Entropic Thoughts

Wilks’ Tolerance Intervals

Wilks’ Tolerance Intervals

wilks-tolerance-intervals.jpg

Imagine we want to figure out what round-trip times we can expect between Sweden and New Zealand. We ping a server belonging to the University of Waikato from Stockholm, and record the following round-trip times in milliseconds.

290 388 299 290 462 292 291
293 293 308 292 292 290 294
292 333 348 292 292 293 293
292 460 408 290 350 475 290

We want to tell our friend about our experience, but we don’t want to send over this entire table. A decent way to summarise a distribution is by a tolerance interval, which means the central portion in which some fraction of the values end up. For our case, we might pick the fraction 90 %, meaning only 5 % of the data will be smaller, and 5 % will be greater than the interval.

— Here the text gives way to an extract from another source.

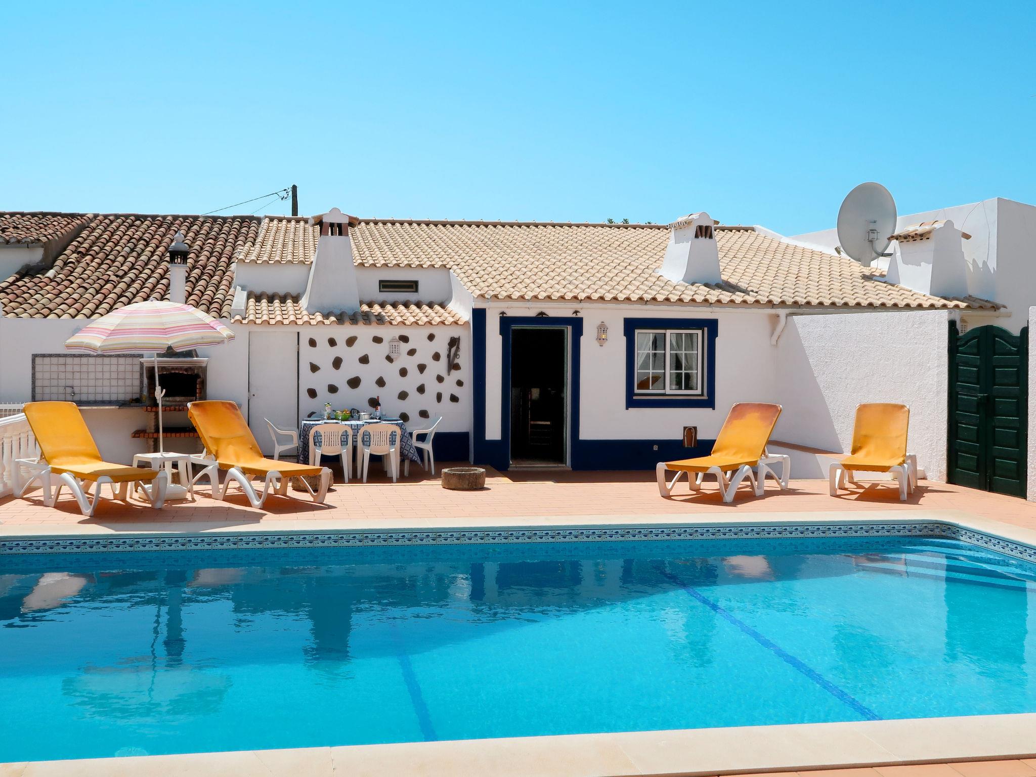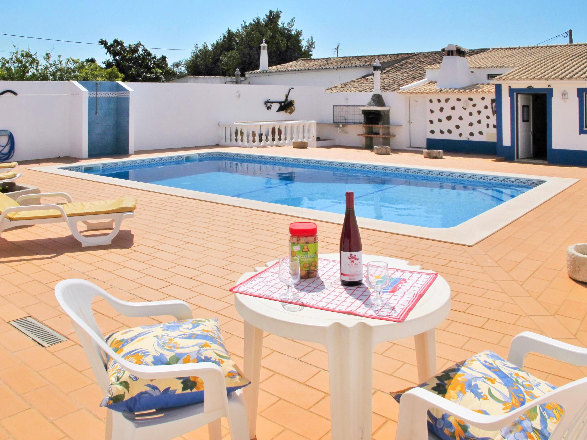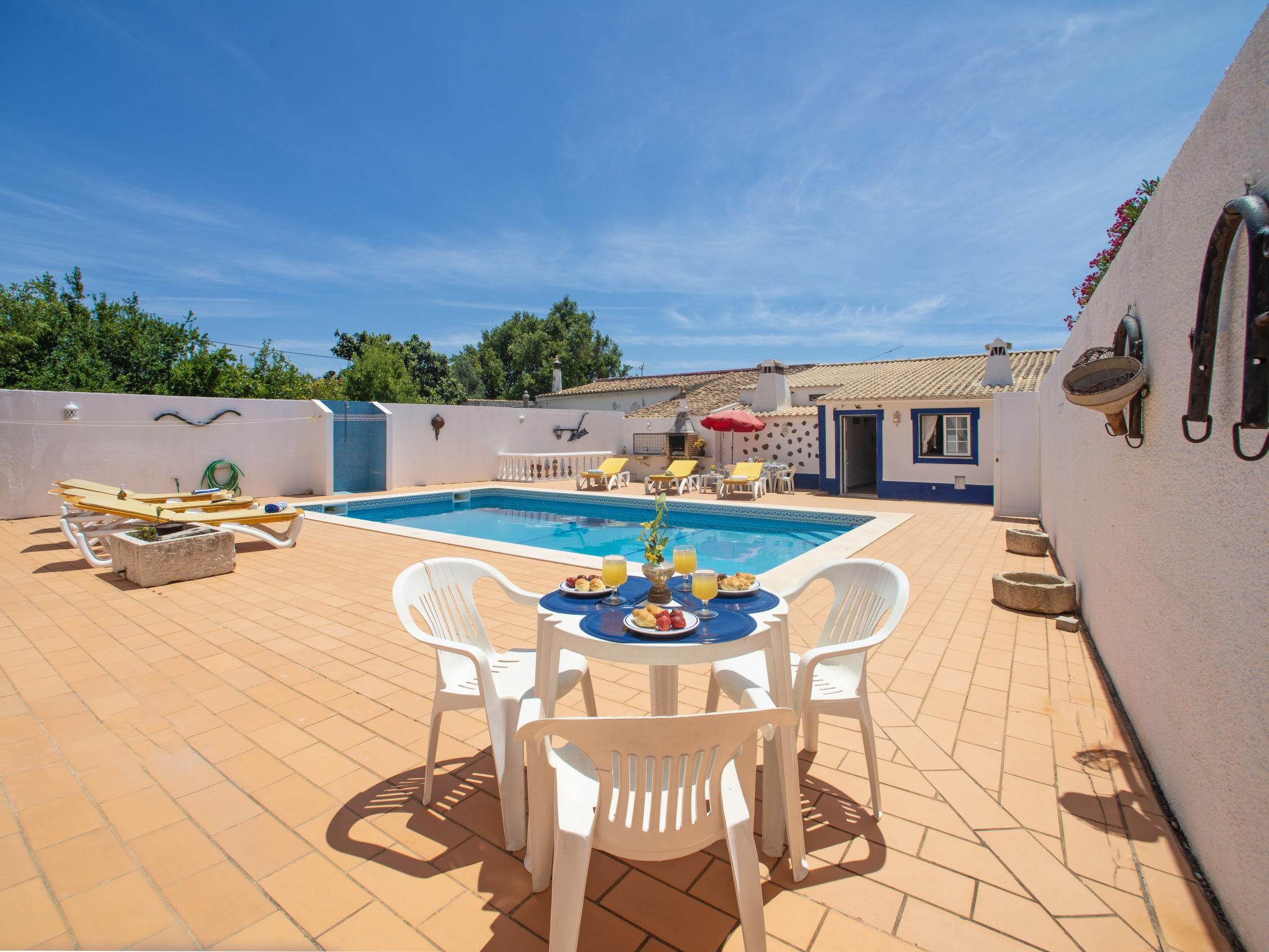 House "Monte da Calma". Property composed of main house and outbuilding, Cerro de Ouro 3.7 km from the centre of Paderne, outside the resort, 9 km from the centre of Albufeira, 9.5 km from the sea. Private: natural state property 1'200 m2 (fenced), swimming pool (8 x 4 m, depth 100 - 200 cm, seasonal availability: 01.Jan. - 31.Dec.). Outdoor shower, table tennis. In the house: billiard table, roof terrace. 600 m long narrow motor access. Parking on the premises. Shop 1.5 km, supermarket 9 km, restaurant 1.8 km, bakery, bus stop 600 m, railway station "Tunes" 6.6 km, sandy beach "Albufeira" 9.5 km. Marina 10.5 km. Nearby attractions: Krazy World 12.5 km. Please note: animals in the neighbourhood.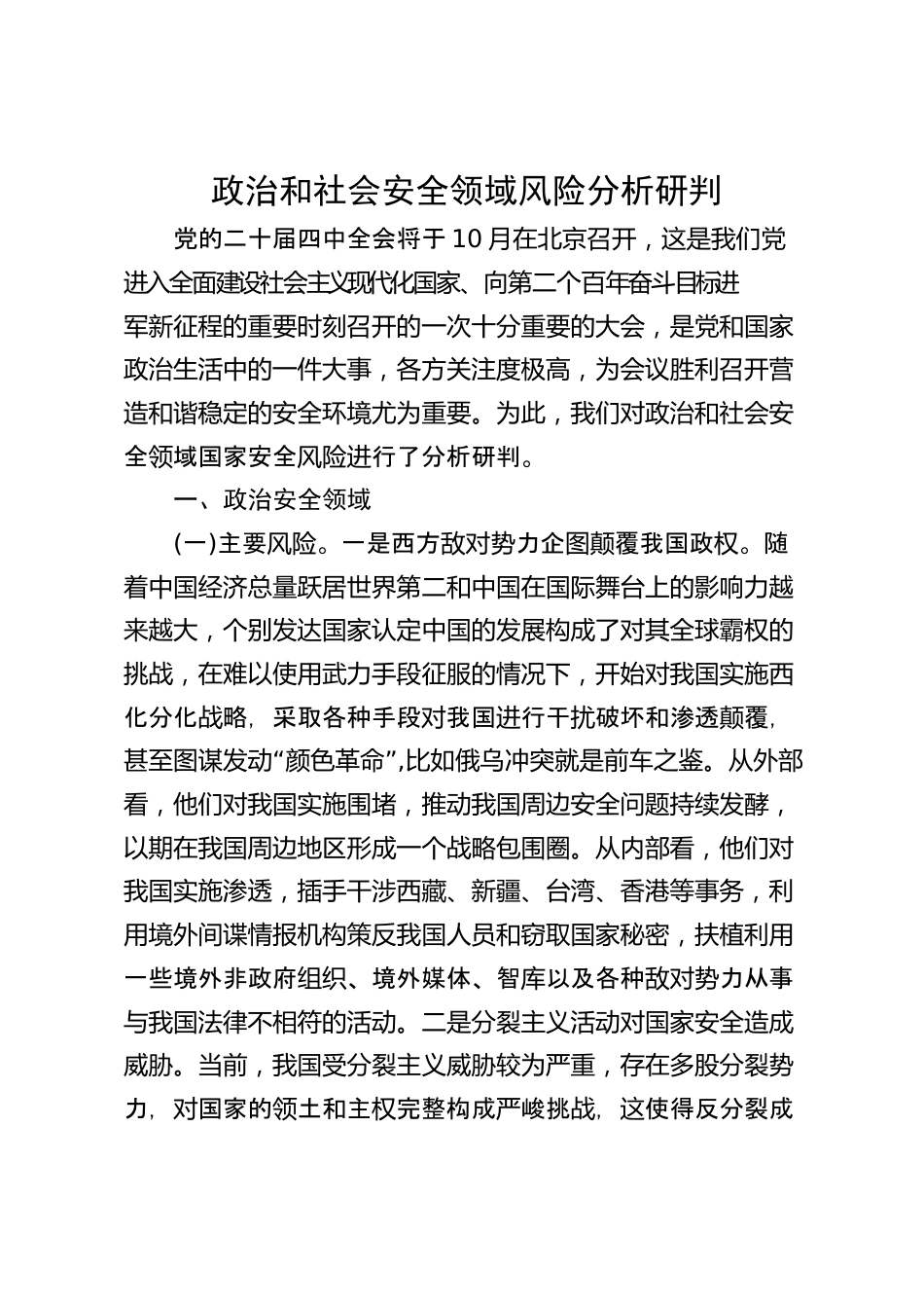政治和社會安全領域風險分析研判黨的二十屆四中全會將于10月在北京召開,這是我們黨進入全面建設社會主義現(xiàn)代化國家、向第二個百年奮斗目標進軍新征程的重要時刻召開的一次十分重要的大會,是黨和國家政治生活中的一件大事,各方關注度極高,為會議勝利召開營造和諧穩(wěn)定的安全環(huán)境尤為重要。為此,我們對政治和社會安全域國家安全行了分析研判。領風險進一、政治安全領域(一)主要風險。一是西方力企覆我國政。隨敵對勢圖顛權著中國經濟總量躍居世界第二和中國在國際舞臺上的影響力越來越大,個別發(fā)達國家認定中國的發(fā)展構成了對其全球霸權的挑戰(zhàn),在難以使用武力手段征服...

What many people then do is compute a mean and a standard deviation and give a range that is 1.645 standard deviations on either side of the mean – this corresponds to a 90 % tolerance interval on the normal distribution when parameters are fully known. With mean and standard deviation computed from the above, we get 226–421 ms.1 324 ± 1.645 × 59 ms.

If we’re careless, we might tell our friend that 90 % of the time, we get round-trip times of 226–421 ms.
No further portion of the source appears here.